And everything was very good and fine until it wasn’t.

What wasn’t fine is an understatement. It’s ironic that what happened to both Hadley and Ernest was quite similar. A domineering mother and a depressed father whose fate led to suicide by a self-inflicted gun shot wound. We know now that Hemingway himself could not escape such a fateful end himself.

But from the start, it was love at first sight for Hadley and Ernest as they met in a house party in Chicago, after Ernest returned home from the war. He was 21, she 29. A year after they met, on September 3, 1921, they were married.

Hadley’s voice captured me right away from the very beginning. I like her down-to-earth persona, her self-deprecating anecdotes as a simple American gal in Paris among the ‘lost generation’. I like it that she played Rachmaninoff and Chopin and not jazz-savvy. I like her ignorance in fashion and avoidance of the dazzling Parisian glitz and glamour:

 If the women in Paris were peacocks, I was a garden-variety hen.

It’s interesting too reading how other writers advise Ernest. They point to the bare essentials, as Hadley recalls Gertrude Stein saying:

Three sentences about the color of the sky. The sky is the sky and that’s all. Strong declarative sentences, that’s what you do best. Stick to that.”

As Stein spoke Ernest’s face fell for a moment, but then he recovered himself. She’d hit on something he’d recently begun to realize about directness, about stripping language all the way down. “… leave only what’s truly needed.” She’d said.

Or this from Ezra Pound:

Cut everything superfluous… Go in fear of abstractions. Don’t tell readers what to think. Let the action speak for itself.

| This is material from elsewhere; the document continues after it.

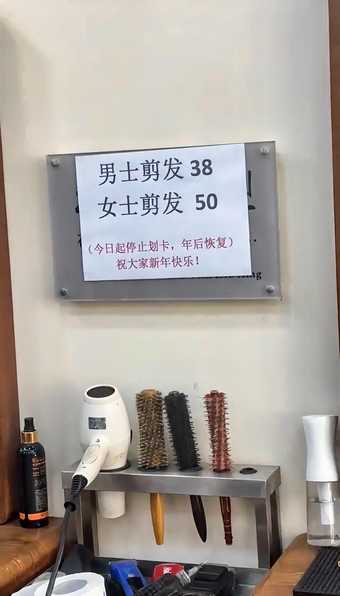 春节理发会员卡遭禁用,店里张贴通知今日起停止划卡,年后恢复。每年春节来临理发店一波涨价,春节理发多人手不够稍微涨价能够理解,之前冲的会员不让用是几个意思。男士会员会员剪头20,非会员30,春节男士剪头一律38,与平时会员价相差18元,挣钱有道这太离谱,谁给理发店的勇气。

Hadley was with him all the way. When she was later pregnant, Hadley felt the need to go for better birthing care in Canada to deliver her child. I was amazed to read about such a currently hot issue in their time. They sailed to Canada in September, 1923. One month later, Bumby was born.

They lived on the fourth floor of an apartment on Bathurst Street. And since I’m in Toronto now as I write this review, I’m able to go over there and take these photos for my readers. Currently, the building at 1597-1599 Bathurst Street is a comfortable and elegant looking five-storey apartment aptly named The Hemingway.

A plaque is placed at the entrance to mark this historic site:

It reads:

Ernest Hemingway

American-born Ernest Hemingway (1899-1961), internationally renowned author, lived in this apartment building 1597-1599 Bathurst Street, in 1923-24, while working as a journalist for the Toronto Star, where he became friends with novelist Morley Callaghan and writer/broadcaster Gordon Sinclair. He returned to Paris, France, where he began his career as a novelist, producing such masterpiece as “The Sun Also Rises”, “A Farewell To Arms”, & “For Whom The Bell Tolls”

Toronto Historical Board
1985

Ernest had worked for the Toronto Star before, and had developed an amicable working relationship with his boss John Bone. But this time he encountered tumultuous problems with his new boss, causing him to shorten his stay. This is what I found a block away from The Hemingway apartment:

Four months after their son Bumby was born, in January, 1924, the Hemingways sailed back to Paris. Upon seeing Gertrude, Ernest said:

I know we meant to be gone a year, but four months is a year in Canada.

I just can’t help but smile upon reading this. Interpret whatever way you will.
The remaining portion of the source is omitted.